RE: What to say to Grandma?
September 2, 2015 at 4:23 pm
(This post was last modified: September 2, 2015 at 4:27 pm by MTL.)
(September 2, 2015 at 4:19 pm)Pyrrho Wrote:Just because her grandmother found out her granddaughter is an atheist still doesn't mean that said granddaughter is obliged to discuss the matter. She said she dodges the issue, so, as per my initial post, I suggest that she simply draw a line in the sand and insist that her grandmother respect it.(September 2, 2015 at 3:27 pm)MTL Wrote:
Pyrrho,
I just went back and read the OP and I saw nothing indicating that cosmowanderer ever told her grandmother that she was an atheist.

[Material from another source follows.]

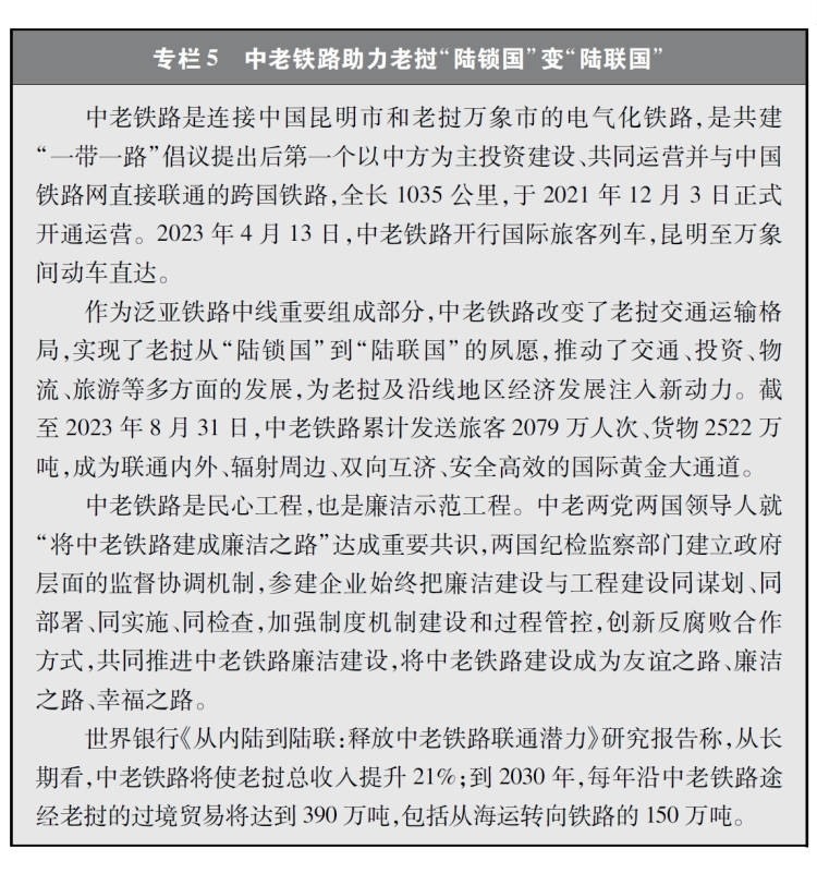 經(jīng)濟(jì)走廊和國(guó)際通道建設(shè)卓有成效。共建國(guó)家共同推進(jìn)國(guó)際骨干通道建設(shè),打造連接亞洲各次區(qū)域以及亞歐非之間的基礎(chǔ)設(shè)施網(wǎng)絡(luò)。中巴經(jīng)濟(jì)走廊方向,重點(diǎn)項(xiàng)目穩(wěn)步推進(jìn),白沙瓦-卡拉奇高速公路(蘇庫(kù)爾至木爾坦段)、喀喇昆侖公路二期(赫韋利揚(yáng)-塔科特段)、拉合爾軌道交通橙線項(xiàng)目竣工通車,薩希瓦爾、卡西姆港、塔爾、胡布等電站保持安全穩(wěn)定運(yùn)營(yíng),默拉直流輸電項(xiàng)目投入商業(yè)運(yùn)營(yíng),卡洛特水電站并網(wǎng)發(fā)電,拉沙卡伊特別經(jīng)濟(jì)區(qū)進(jìn)入全面建設(shè)階段。新亞歐大陸橋經(jīng)濟(jì)走廊方向,匈塞鐵路塞爾維亞貝爾格萊德-諾維薩德段于2022年3月開通運(yùn)營(yíng),匈牙利布達(dá)佩斯-克萊比奧段啟動(dòng)軌道鋪設(shè)工作;克羅地亞佩列沙茨跨海大橋迎來(lái)通車一周年;雙西公路全線貫通;黑山南北高速公路順利建成并投入運(yùn)營(yíng)。中國(guó)-中南半島經(jīng)濟(jì)走廊方向,中老鐵路全線建成通車且運(yùn)營(yíng)成效良好,黃金運(yùn)輸通道作用日益彰顯;作為中印尼共建“一帶一路”的旗艦項(xiàng)目,時(shí)速350公里的雅萬(wàn)高鐵開通運(yùn)行;中泰鐵路一期(曼谷-呵叻)簽署線上工程合同,土建工程已開工11個(gè)標(biāo)段(其中1個(gè)標(biāo)段已完工)。中蒙俄經(jīng)濟(jì)走廊方向,中俄黑河公路橋、同江鐵路橋通車運(yùn)營(yíng),中俄東線天然氣管道正式通氣,中蒙俄中線鐵路升級(jí)改造和發(fā)展可行性研究正式啟動(dòng)。中國(guó)-中亞-西亞經(jīng)濟(jì)走廊方向,中吉烏公路運(yùn)輸線路實(shí)現(xiàn)常態(tài)化運(yùn)行,中國(guó)-中亞天然氣管道運(yùn)行穩(wěn)定,哈薩克斯坦北哈州糧油專線與中歐班列并網(wǎng)運(yùn)行。孟中印緬經(jīng)濟(jì)走廊方向,中緬原油和天然氣管道建成投產(chǎn),中緬鐵路木姐-曼德勒鐵路完成可行性研究,曼德勒-皎漂鐵路啟動(dòng)可行性研究,中孟友誼大橋、多哈扎里至科克斯巴扎爾鐵路等項(xiàng)目建設(shè)取得積極進(jìn)展。在非洲,蒙內(nèi)鐵路、亞吉鐵路等先后通車運(yùn)營(yíng),成為拉動(dòng)?xùn)|非乃至整個(gè)非洲國(guó)家縱深發(fā)展的重要通道。

In fact, she repeatedly states how she avoids such topics, and even declines to respond to baiting.
Her grandmother found out somehow (see post #10), so if her grandmother is too fragile for conversation about it, she did not do a good enough job keeping her atheism a secret.
When one tells people things, one cannot untell them, and one cannot stop them from telling whoever they wish to tell. Those facts should always be kept in mind before one chooses to start telling people things.
Since the cat is out of the bag, I would engage her grandmother in conversation about it. Others, of course, may act as they wish, and certainly she should think about the specifics of her situation when deciding what to do.
I don't think the problem is going to go away on its own. Sometimes, it is good to have unpleasant conversations sooner rather than later, and then if her grandmother decides that she does not want to talk about it, she can stop bringing it up.
At this point, cosmowanderer does not have the option of keeping her opinion about god to herself, as that is already known by her grandmother.
Of course, she could start pretending that she is a theist again, but I would not normally recommend that. But, of course, it all depends on all of the specific details.
If she WANTS to engage her grandmother on the subject, by all means, she should do so.
I recommend against it, having battled my own family on the subject for decades.
But my point was, she doesn't owe her grandmother an explanation of her spiritual choices,
she is not obliged to put up with harassment if she doesn't want to discuss the issue.
Yes, by post #10 she had decided to offer a discussion on the matter to her grandmother,
but only after being pressured by grandma...initially, she wanted to tell grandma to "back off" without making her feel "attacked".
She asked for our input....that is my input.